Re: [PATCH] random_normal function

Поиск
Список
Период
Сортировка
От Tom Lane
Тема Re: [PATCH] random_normal function
Дата
Msg-id 3983784.1673223640@sss.pgh.pa.us
обсуждение исходный текст
Ответ на Re: [PATCH] random_normal function  (Tom Lane <tgl@sss.pgh.pa.us>)
Ответы Re: [PATCH] random_normal function  (Tom Lane <tgl@sss.pgh.pa.us>)
Re: [PATCH] random_normal function  (Dean Rasheed <dean.a.rasheed@gmail.com>)
Список pgsql-hackers
I wrote:
> So the problem in this patch is that it's trying to include
> utils/float.h in a src/common file, where we have not included
> postgres.h.  Question is, why did you do that?

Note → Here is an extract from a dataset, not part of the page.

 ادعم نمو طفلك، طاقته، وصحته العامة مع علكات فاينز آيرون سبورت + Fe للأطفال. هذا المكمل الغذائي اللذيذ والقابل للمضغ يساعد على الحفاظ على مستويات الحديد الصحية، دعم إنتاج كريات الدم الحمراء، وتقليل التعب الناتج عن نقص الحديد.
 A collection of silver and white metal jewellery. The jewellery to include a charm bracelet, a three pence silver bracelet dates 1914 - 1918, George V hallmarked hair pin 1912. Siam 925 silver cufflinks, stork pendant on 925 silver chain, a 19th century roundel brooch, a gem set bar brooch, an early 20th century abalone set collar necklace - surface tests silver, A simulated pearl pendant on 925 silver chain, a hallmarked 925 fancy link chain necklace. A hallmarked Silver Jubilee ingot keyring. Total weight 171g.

(Ah, for M_PI ... but our practice is just to duplicate that #define
where needed outside the backend.)

I spent some time reviewing this patch.  I'm on board with
inventing random_normal(): the definition seems solid and
the use-case for it seems reasonably well established.
I'm not necessarily against inventing similar functions for
other distributions, but this patch is not required to do so.
We can leave that discussion until somebody is motivated to
submit a patch for one.

On the other hand, I'm much less on board with inventing
random_string(): we don't have any clear field demand for it
and the appropriate definitional details are a lot less obvious
(for example, whether it needs to be based on pg_strong_random()
rather than the random() sequence).  I think we should leave that
out, and I have done so in the attached updated patch.

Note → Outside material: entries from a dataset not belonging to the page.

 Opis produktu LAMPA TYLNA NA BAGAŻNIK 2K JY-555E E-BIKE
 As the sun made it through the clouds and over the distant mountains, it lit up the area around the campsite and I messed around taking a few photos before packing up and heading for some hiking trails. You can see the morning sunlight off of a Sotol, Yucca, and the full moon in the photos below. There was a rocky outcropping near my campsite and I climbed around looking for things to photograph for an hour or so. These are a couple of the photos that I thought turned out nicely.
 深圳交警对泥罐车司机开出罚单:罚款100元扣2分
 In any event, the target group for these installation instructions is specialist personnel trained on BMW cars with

I noted several errors in the submitted patch.  It was creating
the function as PARALLEL SAFE which is just wrong, and the whole
business with checking PG_NARGS is useless because it will always
be 2.  (That's not how default arguments work.)

The business with checking against DBL_EPSILON seems wrong too.
All we need is to ensure that u1 > 0 so that log(u1) will not
choke; per spec, log() is defined for any positive input.  I see that
that seems to have been modeled on the C++ code in the Wikipedia
page, but I'm not sure that C++'s epsilon means the same thing, and
if it does then their example code is just wrong.  See the discussion
about "tails truncation" immediately above it: artificially
constraining the range of u1 just limits how much of the tail
of the distribution we can reproduce.  So that led me to doing
it the same way as in the existing Box-Muller code in pgbench,
which I then deleted per Fabien's advice.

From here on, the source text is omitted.